Our results demonstrate that TAZ undergoes tyrosine phosphorylation at tyrosine 316 by c-Abl kinase upon hyperosmotic stimulation and then specifically interacts with and suppresses the transcriptional activity of NFAT5. While ectopic TAZ overexpression suppresses the transcription of NFAT5 target genes, such as the SMIT and BGT1 genes, TAZ deficiency increases the expression of SMIT and BGT1 in vitro and in vivo. Collectively, our data are the first to demonstrate that TAZ functions as a suppressor of NFAT5 activity in response to hyperosmotic stress.

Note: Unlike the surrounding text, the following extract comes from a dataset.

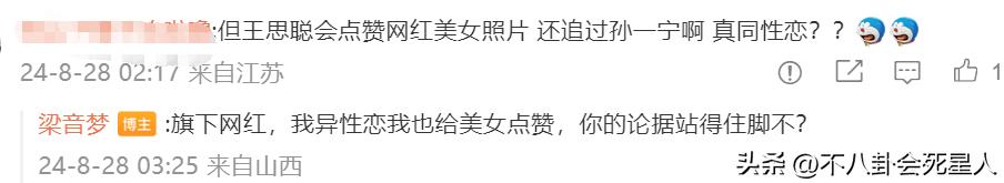 “梁音夢”的爆料更加是讓網友們驚訝,有網友還表示王思聰“性取向問題”,因爲王思聰追過不少美女。梁音夢則回覆,因爲他追的那些美女其實是他公司旗下的藝人,說白了只是“合作關係”。

Interestingly, TAZ selectively associates with and modulates the activity of NFAT5 in a tyrosine phosphorylation-dependent manner. Hyperosmotic stress activates multiple mitogen-activated kinases (1), protein kinase A (9), and tyrosine kinases such as Syk and Yes (25, 31), which then modulate the expression of genes required for osmotic regulation. TAZ is also phosphorylated by Ser/Thr protein kinases at serine residues (19, 20), but its S89 phosphorylation was not affected by hyperosmotic stimulation. Recently, c-Abl was identified as the kinase responsible for hyperosmotic stress signaling via NFAT5 phosphorylation (11). Gallazzini et al. observed that c-Abl was activated within 1 h upon stimulation at 500 mosmol/kg and that the activated c-Abl phosphorylated NFAT5 on tyrosine 143 and stimulated its nuclear localization and transcriptional activity (11). Our results demonstrate that TAZ, like NFAT5, is a novel substrate for c-Abl in kidney cells stimulated with hyperosmolarity for 4 h. However, phosphorylated TAZ subsequently suppresses NFAT5 activity through a phosphorylation-dependent physical interaction. Interestingly, c-Abl-induced tyrosine phosphorylation of TAZ is a prerequisite for suppressing NFAT5 activity, whereas c-Abl-mediated NFAT5 phosphorylation is not essential for interaction of NFAT5 with TAZ. These findings suggest that c-Abl may have dual roles in timely regulation of renal tonicity by accelerating and decelerating NFAT5 activity through sequential phosphorylation of NFAT5 and TAZ. The detailed mechanisms and in vivo implications of c-Abl-mediated NFAT5 and TAZ regulation remain to be uncovered. In addition, a few punctate spots of TAZ-NFAT5 complexes were visualized in the nucleus, indicating the fine-tuning of NFAT5 activity by phosphorylated TAZ.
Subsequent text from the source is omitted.